Problem Set 3

This will be an empirical problem set examining the relationship between an infant’s birth weight and whether the mother is a smoker. You may be reading this in a html file, which was created using RMarkdown. The RMarkdown file used to create this file is posted on CCLE and contains code boxes to help you get started. You may want to load the RMarkdown file in RStudio and work on it directly to obtain your answers and display the code you used along the way.

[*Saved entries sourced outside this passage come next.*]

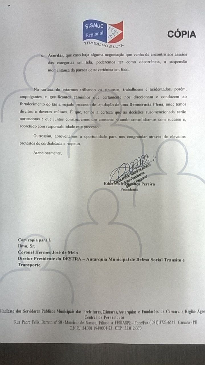 O Ofício foi entrega a Dra. Margarida Maria Ferreira Lima (Secretária de Administração do Município de Caruaru), com cópia ao Coronel Hermes José de Melo (Diretor Presidente da DESTRA – Autarquia Municipal de Defesa Social, Transito e Transporte).
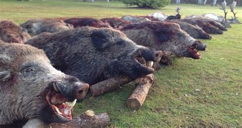 Pour le gros gibier, nous organisons régulièrement des montéras, avec des groupes d'environ 20 à 40 chasseurs, sur des chasses d’une durée de 2 jours. Nous y chassons essentiellement le cerf, le sanglier, le mouflon et le daim.
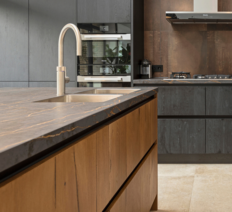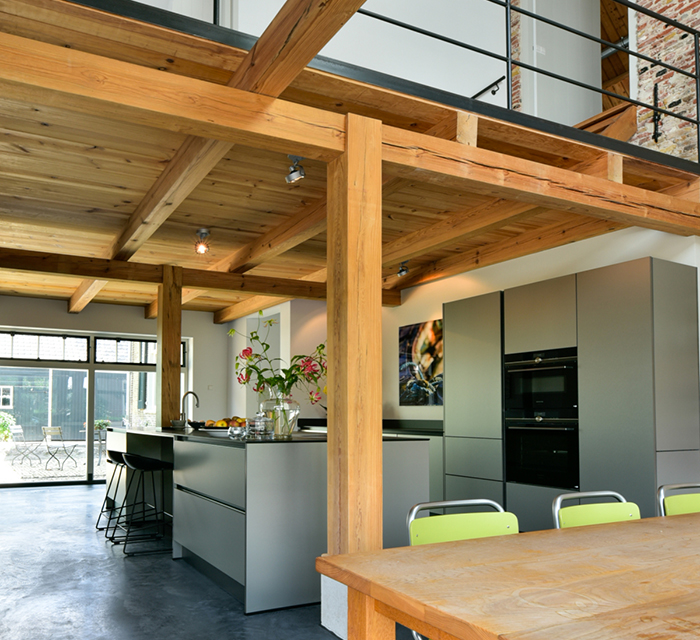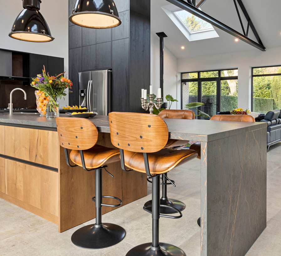Industriële keukens onderscheiden zich door hun stoere en functionele ontwerp met robuuste elementen zoals bakstenen muren, metalen balken en stalen rekken. Vaak in een combinatie met duurzame materialen zoals onbewerkt hout, roestvrij staal en beton. Het kleurenschema combineert grijstinten, zwart, en natuurlijke kleuren met vintage accessoires voor een tijdloze, veelzijdige uitstraling. Deze keukens zijn ideaal voor wie houdt van een ruw maar stijlvol design, waarbij functionaliteit en ruimtelijkheid centraal staan. Perfect om uitgebreid in te koken, karaktervol in zijn uitstraling en uitnodigend voor lange gezellige avonden.
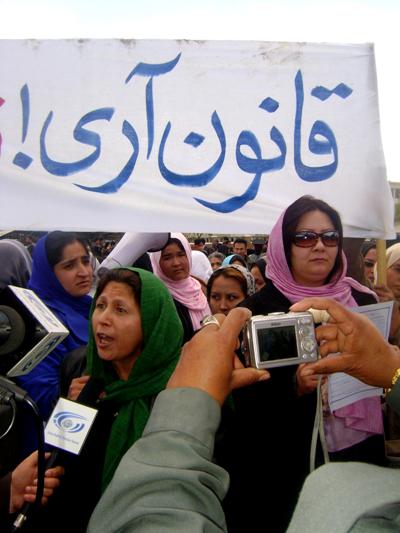 در تظاهرات چند رنگی امروز صدها نفر شرکت ورزیده بودند، از یک طرف فعالین حقوق زنان قانون دموکراتیک میخواهند از طرف دیگر قشر زنان مذهبی دیکته شده توسط شیخ آصف محسنی به مخالفت علیه فعالین حقوق زنان شعار دادند و از قانون شیخ محسنی دفاع نمودند واز سوی دیگری گروه مردان خشمگین با دشنام های رکیک و شعارهای زن ستیزانه شان زنان را دشمنان دین خطاب نمودند و تلاش داشتند تا با خشم و قهر بالای زنان حمله ورشوند که پولس مانع آنها شد. مردان شعار میدادند مرگ به حقوق بشر و مرگ به سیما ثمر
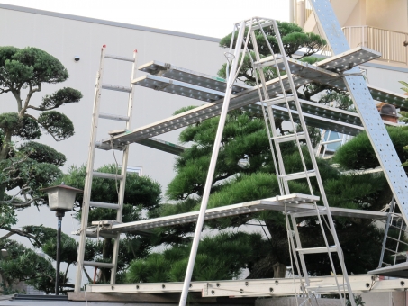 土木・建築用足場工事、建築物解体足場工事。建築現場の仮囲い設置・撤去。我々の仕事は工事期間中に全職人さんの命を預かる大切な「足場」ですから、すべての行程において熟練した職人の手によって、安全な足場を組むよう心がけています。
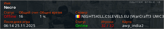 Играет на Counter Strike 1.6 сервере. Страна: РумынияПервый раз замечен 03:40 14.11.2024
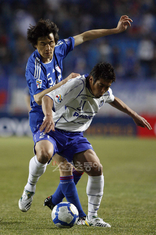 2010 아시아축구연맹(AFC) 조별리그 G조 1차전 수원 삼성 대 일본 J-리그의 강호 감바 오사카 경기가 24일 수원월드컵경기장에서 열렸다. 수원 삼성 리웨이펑과 오사카 아키라가 볼을 다투고 있다.
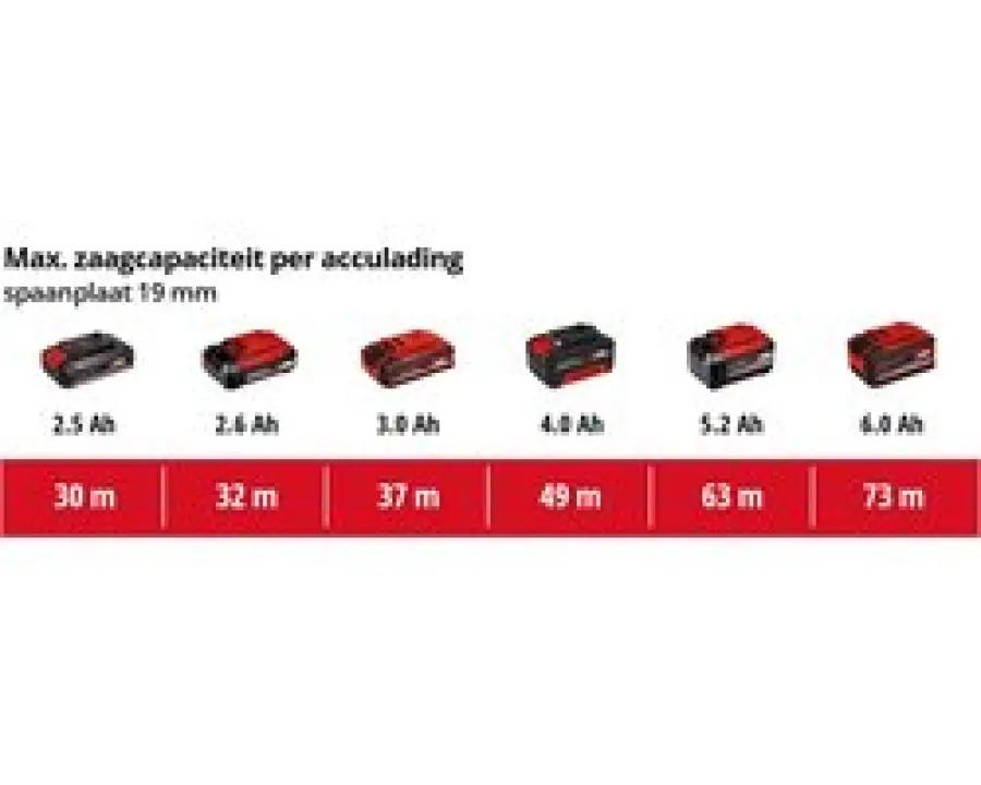 De zaag is uitgerust met een stofzuigeradapter, zodat je werkplek schoon blijft tijdens het zagen. De LED-verlichting verheldert het zaaggebied, waardoor je altijd precies ziet waar je zaagt. Bovendien is de zaag compatibel met alle Einhell geleiderails, wat extra nauwkeurigheid biedt bij het zagen. Let op: accu en lader worden niet meegeleverd, maar zijn apart verkrijgbaar.

The data bw_smoking.csv is posted in the same directory as this homework on CCLE. Download the data file bw_smoking.csv into your computer (if you run R in your computer) or upload it into jupyter (if you are running R remotely instead). Loading the data into your workspace is a bit more involved that we have seen in lab because it is a csv file. To load the data: First, make sure that the dataset is in the working directory. In RStudio, you can use the bottom right box to navigate to the folder where you saved the file. To set the working directory to be that folder just click on More and press Set as Working Directory. Second, once the data is in the working directory you should be able to load it using the following code:

# Tell R to clear the workspace
rm(list = ls())

# Tell R to load the dataset
# Warning: If you are running this code from the RMarkdown by pressing the same arrow,
# then make sure the Markdown file is in the same directory as the csv file otherwise 
# the code will not work. If you are loading the data by typing into the console, then 
# it should work as long ast the data is in the working directory
bwdata <- read.csv("bw_smoking.csv")

Questions

• (10 pts) The description of the data is contained in a file PS3 - Birthweight_Smoking_Description.pdf, which is posted in the same directory as this homework on CCLE. Read the description carefully.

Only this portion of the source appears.